Information given below:
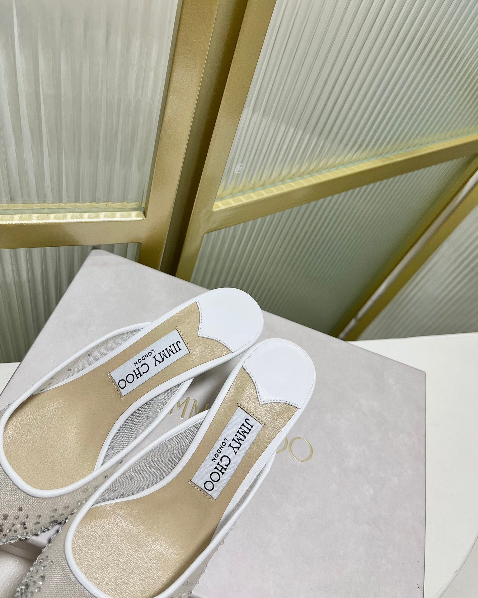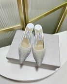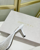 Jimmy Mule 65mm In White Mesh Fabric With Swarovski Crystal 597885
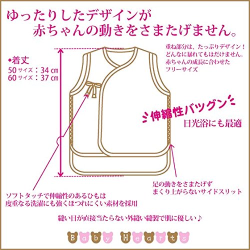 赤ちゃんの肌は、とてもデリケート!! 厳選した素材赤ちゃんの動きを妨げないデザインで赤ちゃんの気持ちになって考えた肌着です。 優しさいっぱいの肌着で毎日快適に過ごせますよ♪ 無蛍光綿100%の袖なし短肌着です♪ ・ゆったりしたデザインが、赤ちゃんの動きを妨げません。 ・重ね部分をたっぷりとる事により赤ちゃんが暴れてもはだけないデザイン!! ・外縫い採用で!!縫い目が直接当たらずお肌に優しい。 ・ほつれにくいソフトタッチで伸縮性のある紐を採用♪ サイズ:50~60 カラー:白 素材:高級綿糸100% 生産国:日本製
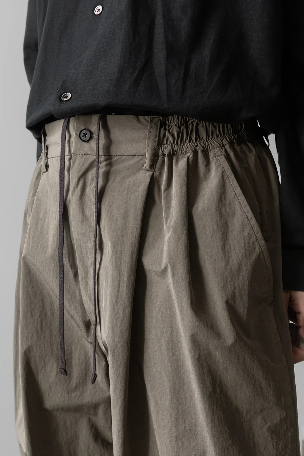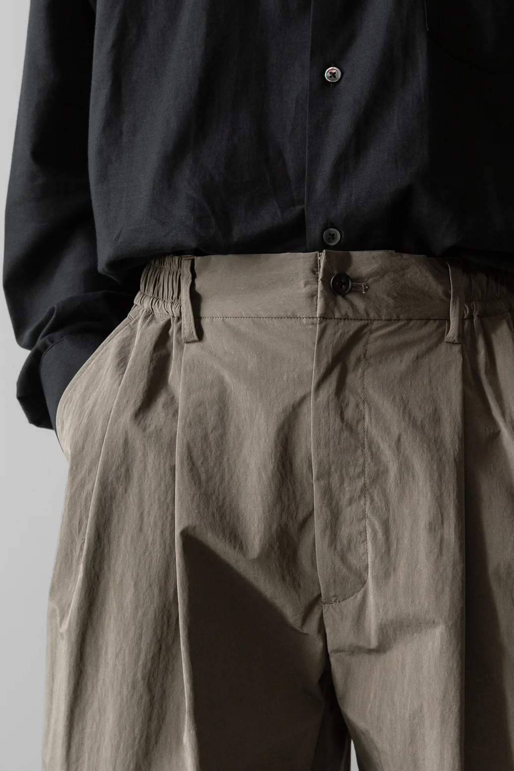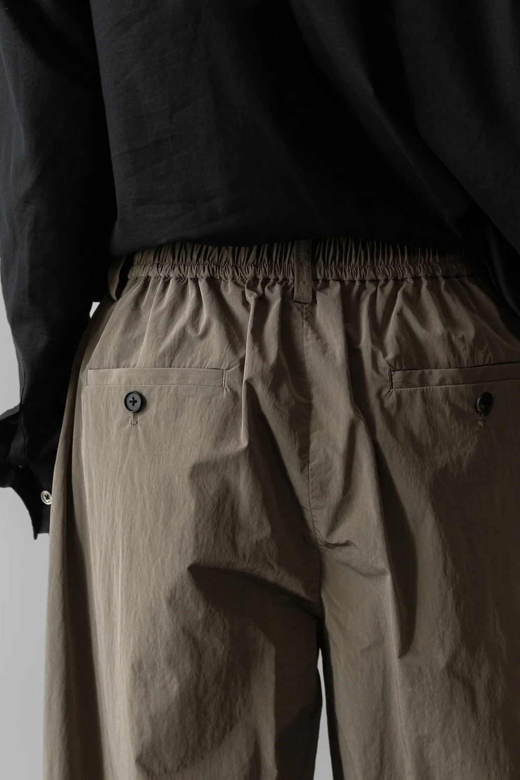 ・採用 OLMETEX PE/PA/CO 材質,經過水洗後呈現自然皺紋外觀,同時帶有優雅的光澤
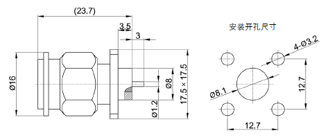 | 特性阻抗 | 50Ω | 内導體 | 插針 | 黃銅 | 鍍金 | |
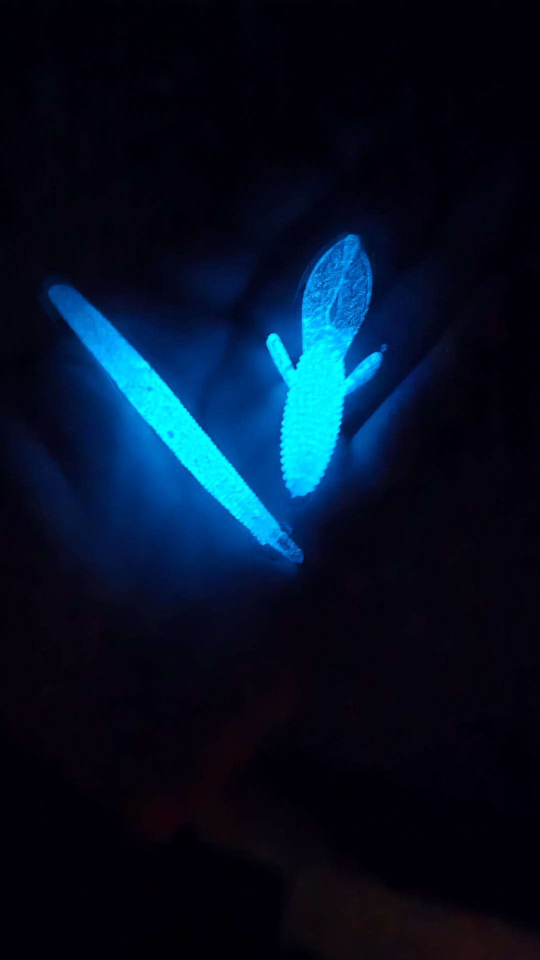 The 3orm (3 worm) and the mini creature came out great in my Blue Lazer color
End of Information given.
▸ **Exercise objective**
Each line above should be returned exactly as written, apart from any pictures.

▸ **Solution below**
 Jimmy Mule 65mm In White Mesh Fabric With Swarovski Crystal 597885
 赤ちゃんの肌は、とてもデリケート!! 厳選した素材赤ちゃんの動きを妨げないデザインで赤ちゃんの気持ちになって考えた肌着です。 優しさいっぱいの肌着で毎日快適に過ごせますよ♪ 無蛍光綿100%の袖なし短肌着です♪ ・ゆったりしたデザインが、赤ちゃんの動きを妨げません。 ・重ね部分をたっぷりとる事により赤ちゃんが暴れてもはだけないデザイン!! ・外縫い採用で!!縫い目が直接当たらずお肌に優しい。 ・ほつれにくいソフトタッチで伸縮性のある紐を採用♪ サイズ:50~60 カラー:白 素材:高級綿糸100% 生産国:日本製
 ・採用 OLMETEX PE/PA/CO 材質,經過水洗後呈現自然皺紋外觀,同時帶有優雅的光澤
 | 特性阻抗 | 50Ω | 内導體 | 插針 | 黃銅 | 鍍金 | |
 The 3orm (3 worm) and the mini creature came out great in my Blue Lazer color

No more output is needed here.